Avoid Sleeping On Your Back If You Have This Medical Condition

When it comes to sleeping positions, our options go well beyond back sleeping or side sleeping. You have the fetal position, the starfish, the log, the soldier position, and many more, reports WebMD. Like most things, every sleeping position has its pros and cons. Sleeping on your stomach, for example, may be great for alleviating snoring but can be a nightmare in terms of spinal pain, according to News-Medical.net.

Generally speaking, sleeping on our backs isn't the best for our health to begin with. In fact, Mayo Clinic specialists deem it the worst of all sleeping positions, and yet it is preferred by approximately 38% of people, putting it in second place next to side sleeping. "I know many people find it to be comfortable, because they're not putting weight on their joints," sleep specialist Dr. Lois Krahn told the Mayo Clinic. However, for people diagnosed with sleep apnea, back sleeping is particularly advised against.

Back sleeping can worsen symptoms of sleep apnea

Obstructive sleep apnea syndrome (the most common type of sleep apnea) is a sleep-breathing disorder that results from a blockage in the upper respiratory airway, according to 2021 research published in the International Journal of Environmental Research and Public Health. This obstruction can interfere with one's ability to breathe while sleeping and prompt numerous wakeups throughout the night. Those who meet the diagnostic criteria for obstructive sleep apnea experience over five of these episodes hourly for a duration of 10 seconds or more. As a result, patients often feel sleepy throughout the day.

For those with sleep apnea, gravity works against them when sleeping on their back. When fully reclined, the jaw and tongue naturally slide backward towards the throat, hindering respiration (per Mayo Clinic). This becomes a recipe for snoring and fragmented sleep. You may also find yourself waking up to a thoroughly disgruntled sleeping partner. Instead, experts explain that people with sleep apnea are better off sleeping on their side.

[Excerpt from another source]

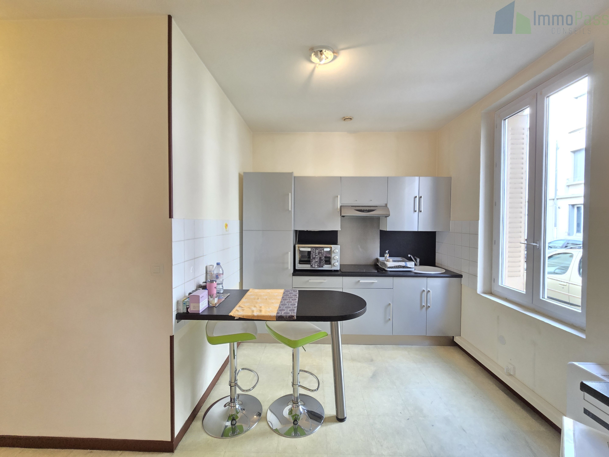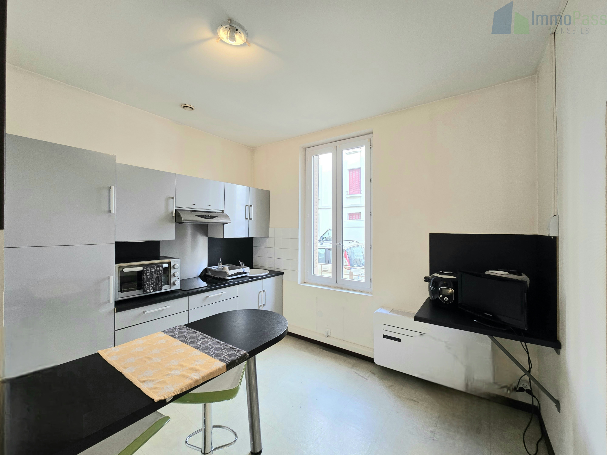 L’appartement se compose d’une entrée, d’un séjour lumineux avec grand espace cuisine, d’une chambre, d’une salle d’eau et de WC séparés. Il est actuellement loué depuis septembre 2015 au loyer de 560€ charges comprises par mois, offrant une rentabilité brute intéressante. Les charges de copropriété s’élèvent à 67€ par mois. Aucune procédure en cours.

Side sleeping prevents airway obstruction

Side sleeping prevents the tongue and jaw from falling backward towards our airway and minimizes the chances of snoring. "[A]ll in all, sleeping on the side — perhaps with their head slightly elevated as long as that's comfortable — is a good way to sleep," Dr. Krahn told the Mayo Clinic. However, side sleeping shouldn't be considered a treatment method for sleep apnea. The condition can increase one's risk for various health issues including heart attack, high blood pressure, and heart failure (via International Journal of Environmental Research and Public Health). Therefore, it is best to seek treatment for sleep apnea from a medical professional.

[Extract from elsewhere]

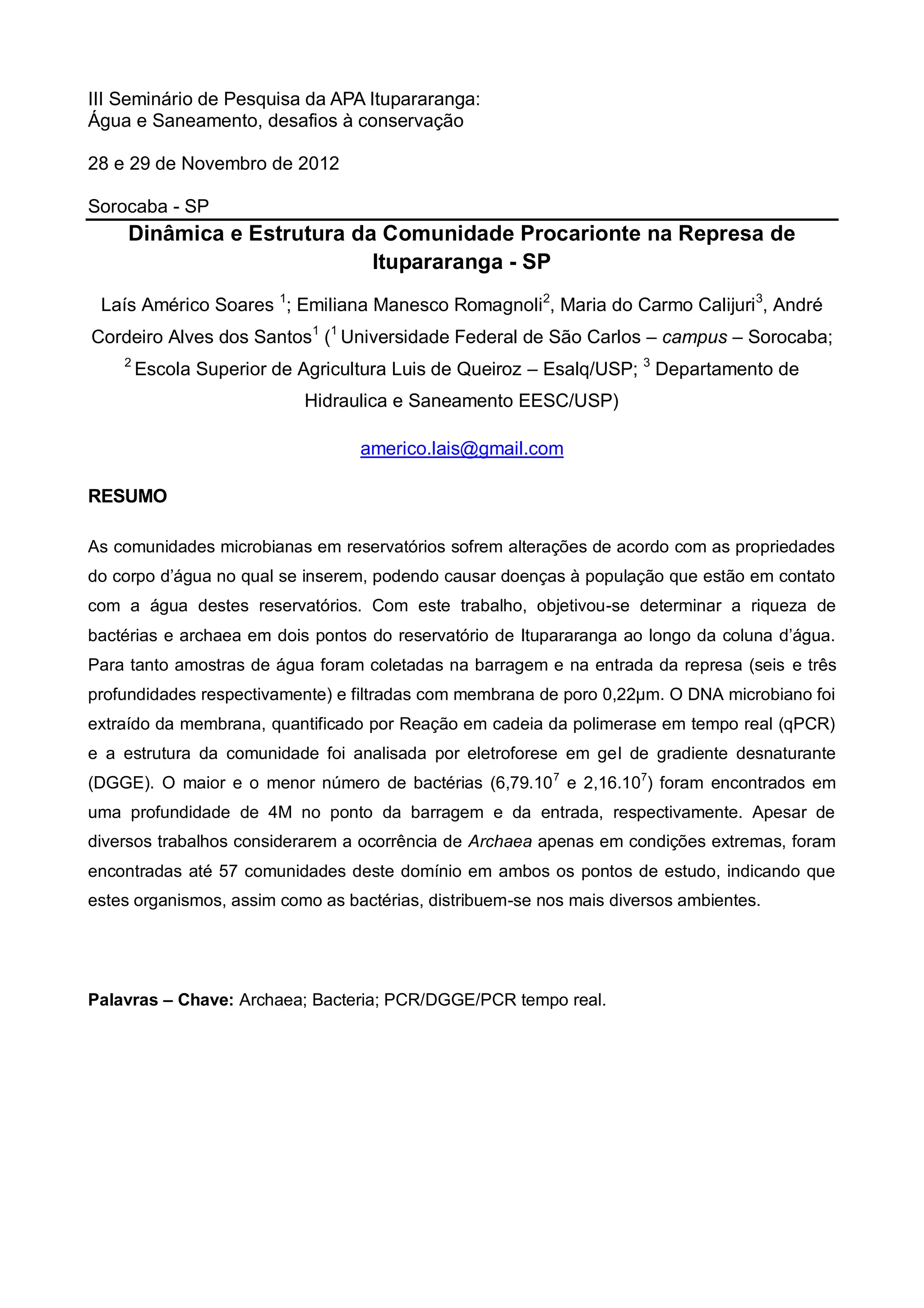 1. O documento descreve uma pesquisa sobre a dinâmica e estrutura das comunidades de bactérias e archaea na represa de Itupararanga, SP.

Continuous positive airway pressure (CPAP) machines continue to be the primary treatment method for obstructive sleep apnea syndrome. While effective, these devices can come with undesirable side effects. Since then, mandibular advancement devices (MAD) have come on the scene. Placed into the mouth overnight, the apparatus pulls the jaw forward in order to maintain unobstructed airflow. In addition to being less invasive than other forms of treatment, these devices also have the added perk of being more affordable than surgery or CPAP machines.